Nothing but the lines from the one containing "72nd Anniversary of" through the one containing "Untuk melengkapi keberadaan", both included, should be given again, each exactly as written below.

SOURCE RECORDS:
_ _ _ _

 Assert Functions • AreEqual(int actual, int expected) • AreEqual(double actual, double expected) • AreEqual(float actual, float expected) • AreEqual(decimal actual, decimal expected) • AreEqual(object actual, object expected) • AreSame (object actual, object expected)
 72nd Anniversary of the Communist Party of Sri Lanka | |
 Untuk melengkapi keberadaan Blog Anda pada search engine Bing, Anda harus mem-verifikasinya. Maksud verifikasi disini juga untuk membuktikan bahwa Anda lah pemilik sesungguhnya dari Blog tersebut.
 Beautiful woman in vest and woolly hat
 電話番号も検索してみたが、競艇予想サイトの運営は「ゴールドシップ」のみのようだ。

_ _ _ _

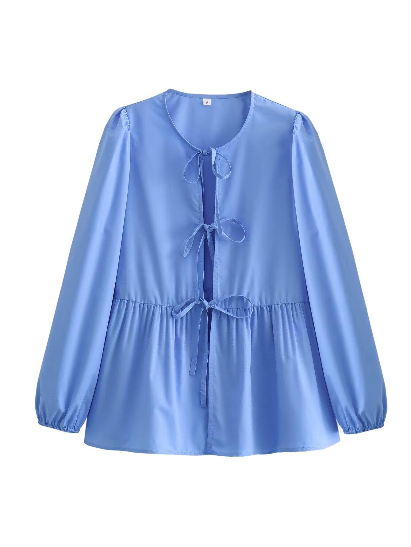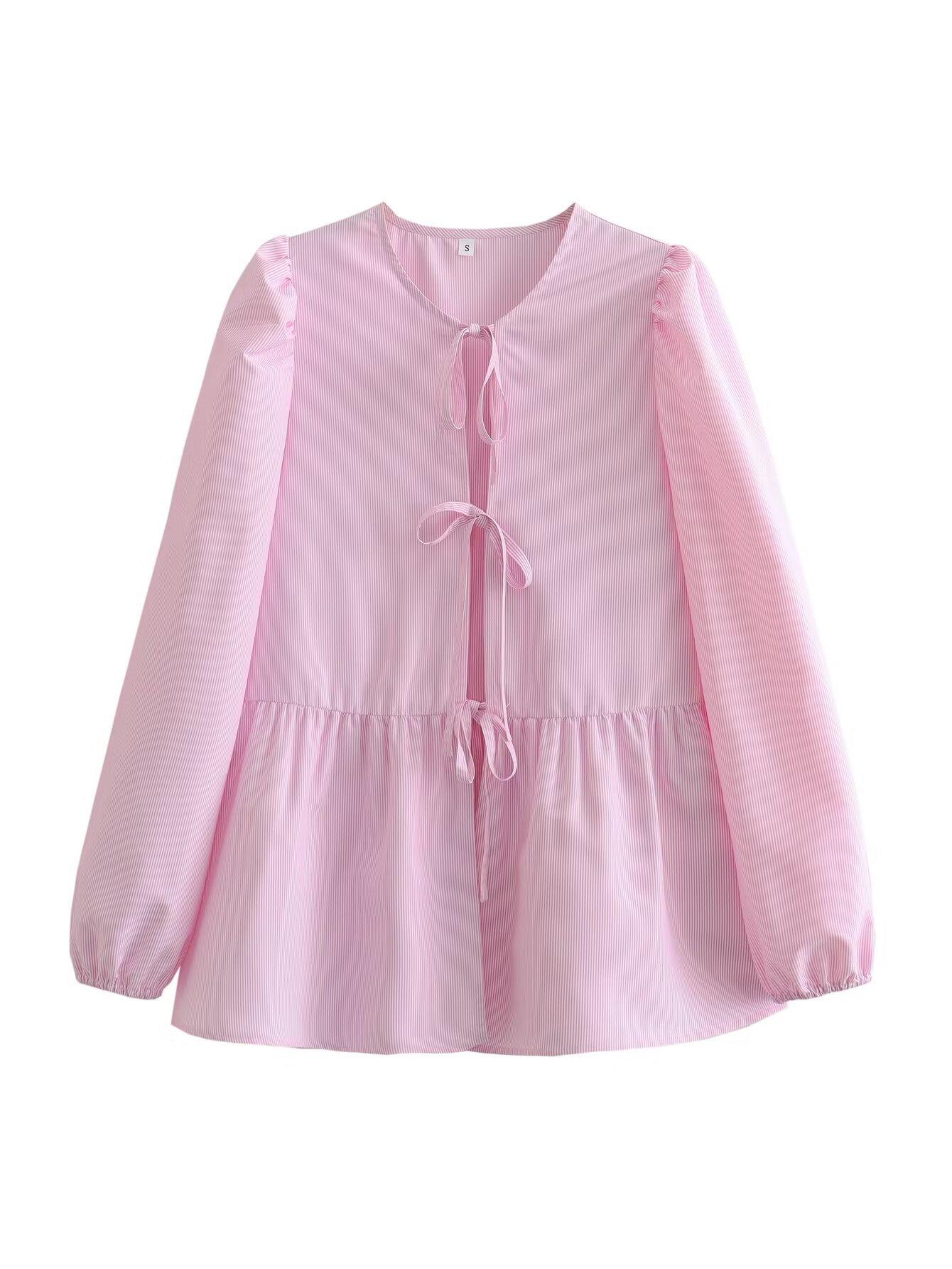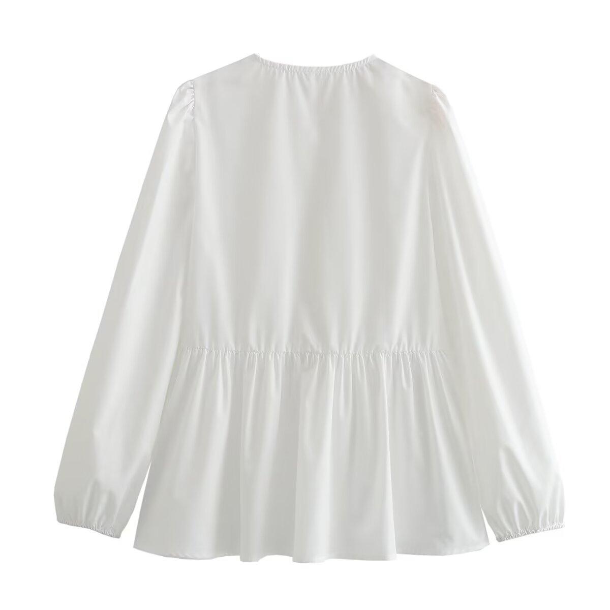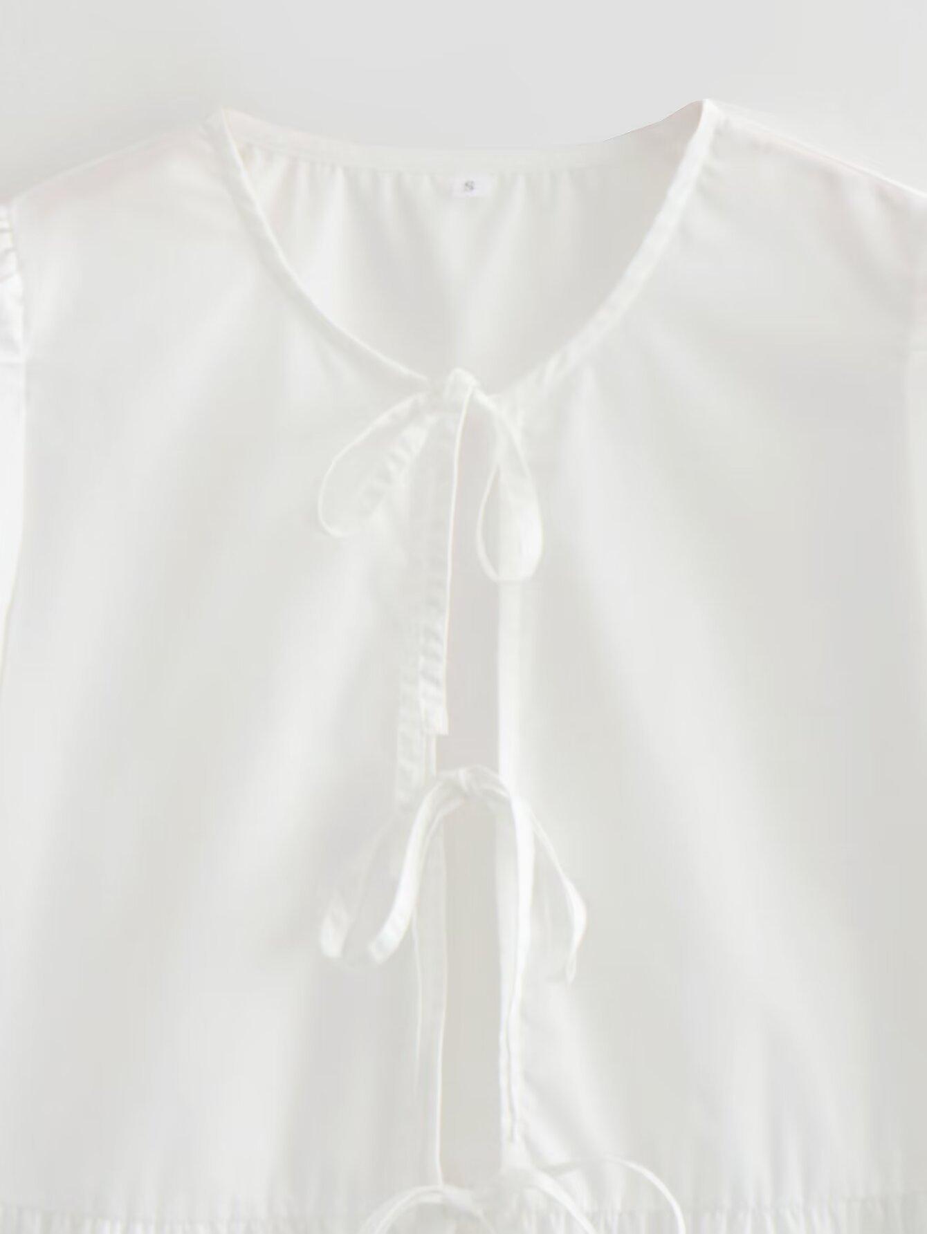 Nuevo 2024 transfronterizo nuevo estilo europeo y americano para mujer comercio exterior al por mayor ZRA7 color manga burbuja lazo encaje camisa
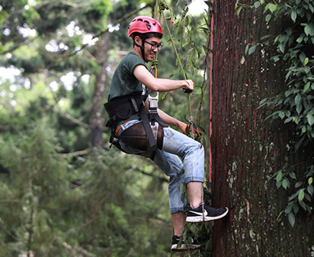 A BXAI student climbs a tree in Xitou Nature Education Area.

_ _ _ _

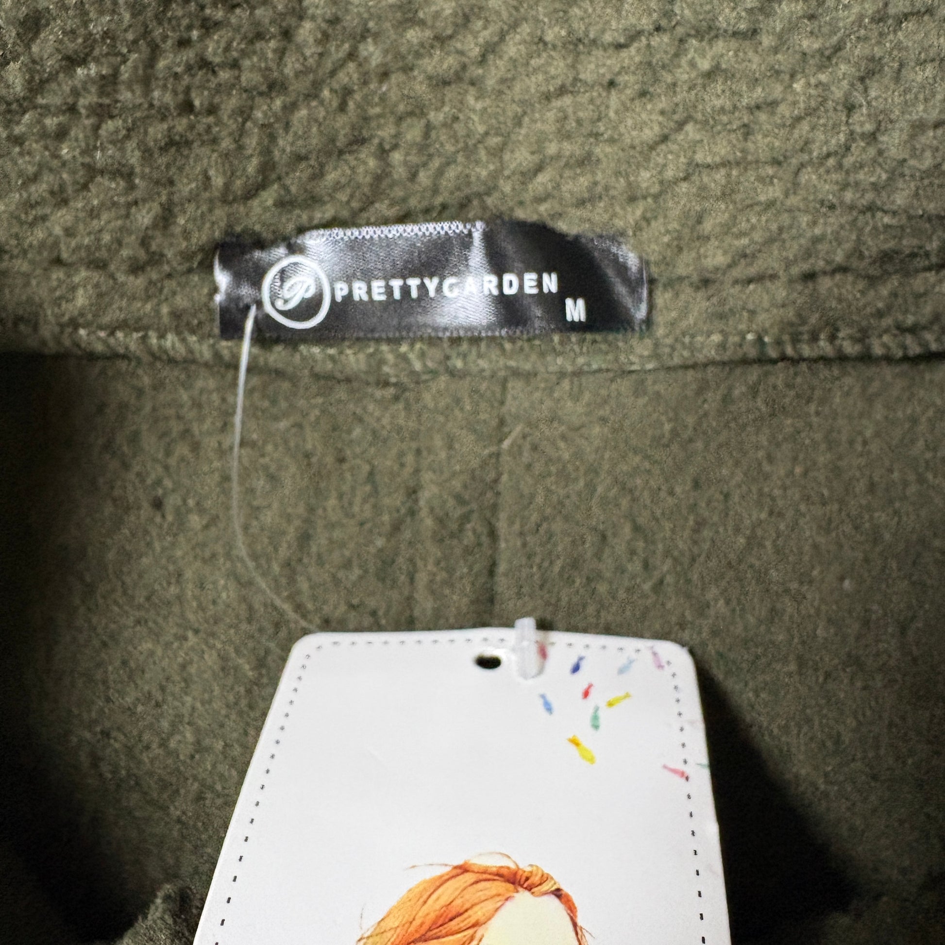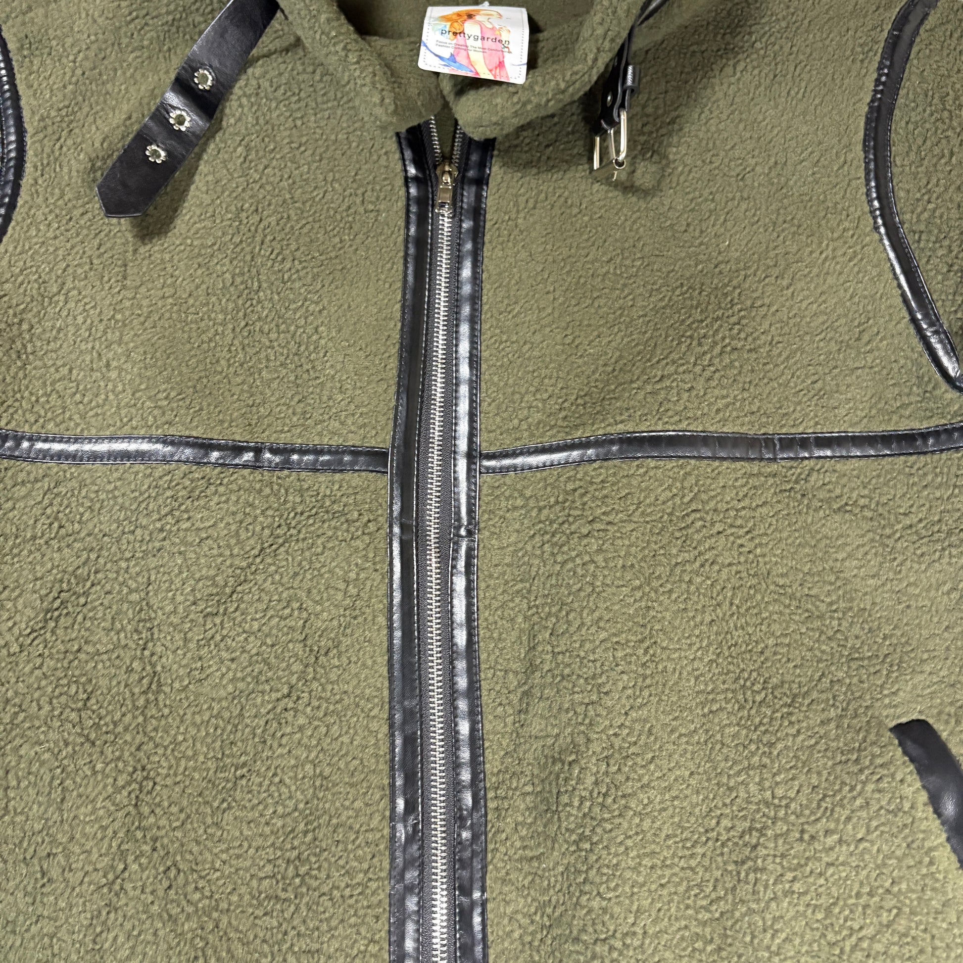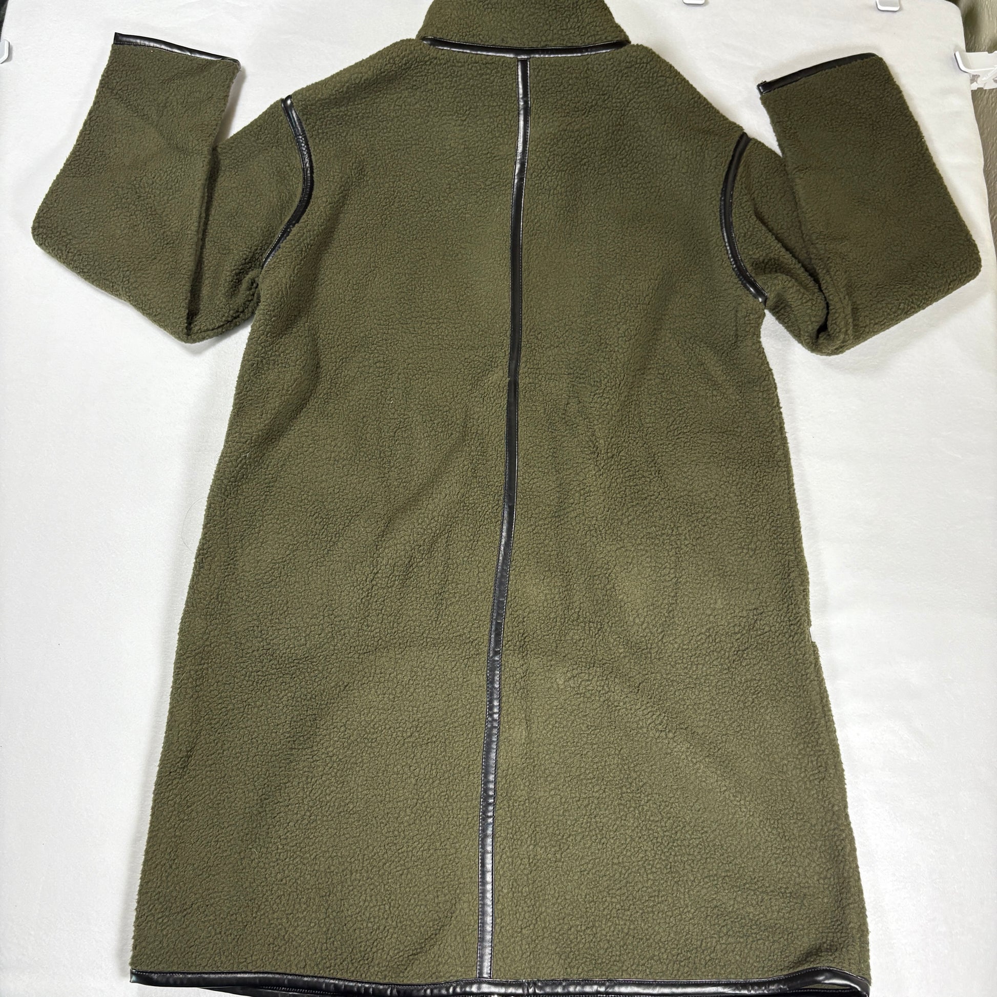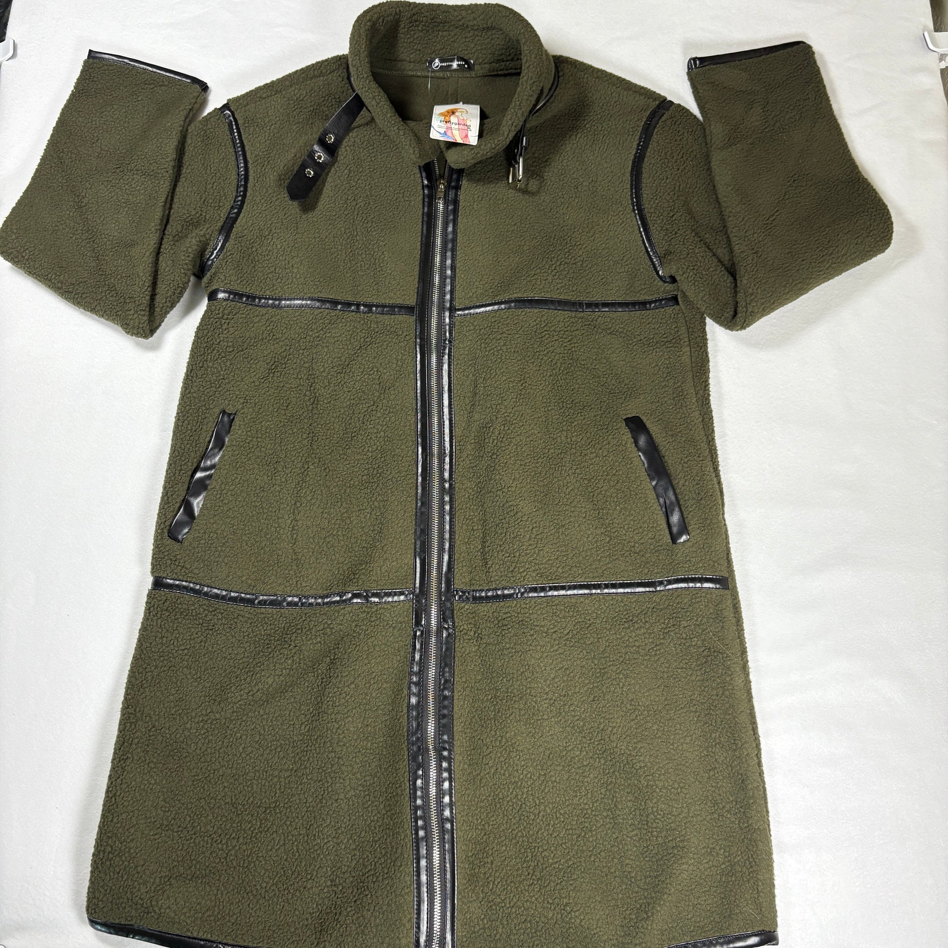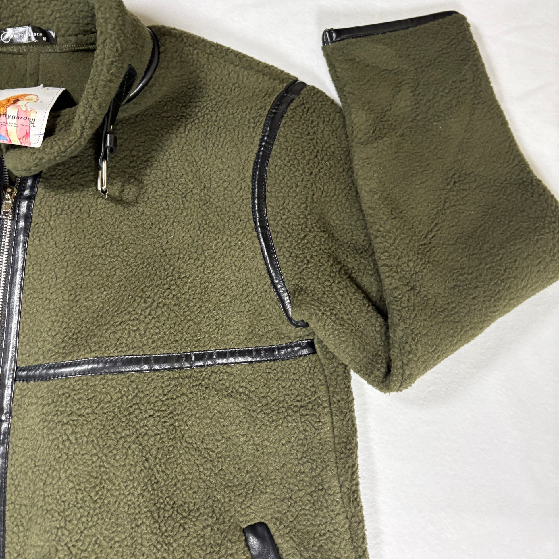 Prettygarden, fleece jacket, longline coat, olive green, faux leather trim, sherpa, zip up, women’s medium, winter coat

_ _ _ _

RESPONSE TO THE EXERCISE:
 72nd Anniversary of the Communist Party of Sri Lanka | |
 Untuk melengkapi keberadaan Blog Anda pada search engine Bing, Anda harus mem-verifikasinya. Maksud verifikasi disini juga untuk membuktikan bahwa Anda lah pemilik sesungguhnya dari Blog tersebut.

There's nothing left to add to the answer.